The visualise function properly uses the elements parameter in order to filter visualised elements. (#256)

Changed

Various dependency updates

[0.10.0] - 2021-07-01

[BREAKING] Changes from using pyqt5 to using tkinter for the visualise tool. This means we don't need the python3-dev as a requirement, and seems to solve endless issues with pyqt5 not finding the correct qt bindings. This is a potential breaking change, although the visualise tool is only in the development version. No code changes are needed, but you will need tkinter installed for visualise to still work.
Changed python version from 3.6 to 3.8 in .readthedocs.yml.

[0.9.0] - 2021-06-09

Changed

Various dependency updates (matplotlib, pyqt5)
Removed all but the tests dockerfile for simplicity.
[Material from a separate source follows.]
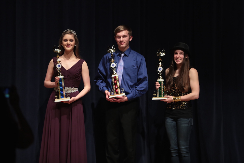 Cornelia Kiwanis President David Wonders (far right) joins the winners on stage at the 37th Annual Cornelia Kiwanis Talent Showcase. The event was held Feb. 23, 2018 in the Habersham Central High School Auditorium in Mt. Airy. (photo/Daniel Purcell)

Use Docker BuildKit. We will no longer be pushing images to DockerHub on release. (#203)

[0.8.0] - 2021-05-12

Changed

Various dependency updates
Updated CI to avoid login issue (#182)

[0.7.0] - 2021-01-15

Changed

Ensure we only accept LTTextBoxes at the top level (not LTTextLines) (#155)

[0.6.0] - 2020-12-11

Added

Enabled dependabot which should help to keep packages up to date (#124)

Changed

Various dependency updates

Fixed

Fixed a typo in simple memo example in the documentation. (#121)

[0.5.0] - 2020-07-05

Added

New functions on ElementList, move_forwards_from and move_backwards_from, to allow moving forwards and backwards from a certain element in the list easily. (#113)

Changed

When the layout parameter all_texts is True, the text inside figures is now also returned as elements in the document. (#99)

Fixed

Passing a tolerance less than the width/height of an element no longer causes an error. The tolerance is now capped at half the width/height of the element. (#103)

[0.4.0] - 2020-06-22

Added

Added __len__ and __repr__ functions to the Section class. (#90)
Added flag to extract_simple_table and extract_table functions to remove duplicate header rows. (#89)
You can now specify element_ordering when instantiating a PDFDocument. This defaults to the old behaviour or left to right, top to bottom. (#95)

Changed

Advanced layout analysis is now disabled by default. (#88)

[0.3.0] - 2020-05-14

Added

Published to PyPI as py-pdf-parser.
Documentation is now hosted here. (#71)
Added new examples to the documentation. (#74)
Font filtering now caches the elements by font. (#73) (updated in #78)
Font filtering now caches the elements by font. (#73)
The visualise tool now draws an outline around each section on the page. (#69) (updated in #80)

Changed

This product is now complete enough for the needs of Optimor Ltd, however jstockwin is going to continue development as a personal project. The repository has been moved from optimor/py-pdf-parser to jstockwin/py-pdf-parser.

[0.2.0] - 2020-04-17

Added

It is now possible to specify font_size_precision when instantiating a PDFDocument. This is the number of decimal places the font size will be rounded to. (#60)
extract_simple_table now allows extracting tables with gaps, provided there is at least one full row and one full column. This is only the case if you pass allow_gaps=True, otherwise the original logic of raising an exception if there a gap remains. You can optionally pass a reference_element which must be in both a full row and a full column, this defaults to the first (top-left) element. (#57)

Changed

Font sizes are now float not int. The font_size_precision in the additions defaults to 1, and as such all fonts will change to have a single decimal place. To keep the old behaviour, you can pass font_size_precision=0 when instantiating your PDFDocument.

Fixed

Improved performance of extract_simple_table, which is now much faster. (#65)

[0.1.0] - 2020-04-08

Added

Initial version of the product. Note: The version is less than 1, so this product should not yet be considered stable. API changes and other breaking changes are possible, if not likely.